Starting from scratch, what you are trying to do sounds pretty simple: place N/A after a comma if it is followed by another comma or a newline:
s!,(?=[,\n])!,N/A!g;
Example:
my $rawData = "2008-02-06,8:00 AM,14.0,6.0,59,1027,-9999.0,West,6.9,-,N/A,,Clear\n2008-02-06,9:00 AM,16,6,40,1028,12,WNW,10.4,,,,\n";
use Data::Dumper;
$Data::Dumper::Useqq = $Data::Dumper::Terse = 1;
print Dumper($rawData);
$rawData =~ s!,(?=[,\n])!,N/A!g;
print Dumper($rawData);
Output:
"2008-02-06,8:00 AM,14.0,6.0,59,1027,-9999.0,West,6.9,-,N/A,,Clear\n2008-02-06,9:00 AM,16,6,40,1028,12,WNW,10.4,,,,\n"
"2008-02-06,8:00 AM,14.0,6.0,59,1027,-9999.0,West,6.9,-,N/A,N/A,Clear\n2008-02-06,9:00 AM,16,6,40,1028,12,WNW,10.4,N/A,N/A,N/A,N/A\n"
You could search for
(?<=,)(?=,|$)
and replace that with N/A.
This regex matches the (empty) space between two commas or between a comma and end of line.

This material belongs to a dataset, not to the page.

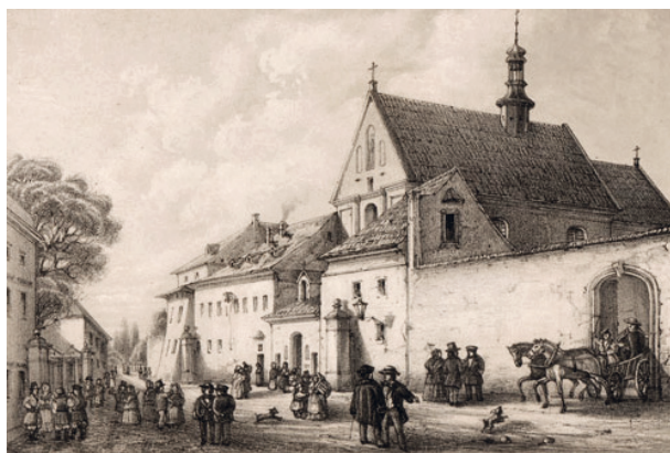
Kościół św. Kazimierza i klasztor Reformatów przy ul. Reformackiej w Krakowie, Henryk Walter, ok. 1863 r.; w zbiorach MHK, nr inw. MHK-336/VIII

The quick and dirty hack version:
my $rawData = "2008-02-06,8:00 AM,14.0,6.0,59,1027,-9999.0,West,6.9,-,N/A,,Clear
2008-02-06,9:00 AM,16,6,40,1028,12,WNW,10.4,,,,\n";
while ($rawData =~ s/,,/,N\/A,/g) {};
print $rawData;
Not the fastest code, but the shortest. It should loop through at max twice.
Not a regex, but not too complicated either:
$string = join ",", map{$_ eq "" ? "N/A" : $_} split (/,/, $string,-1);
The ,-1 is needed at the end to force split to include any empty fields at the end of the string.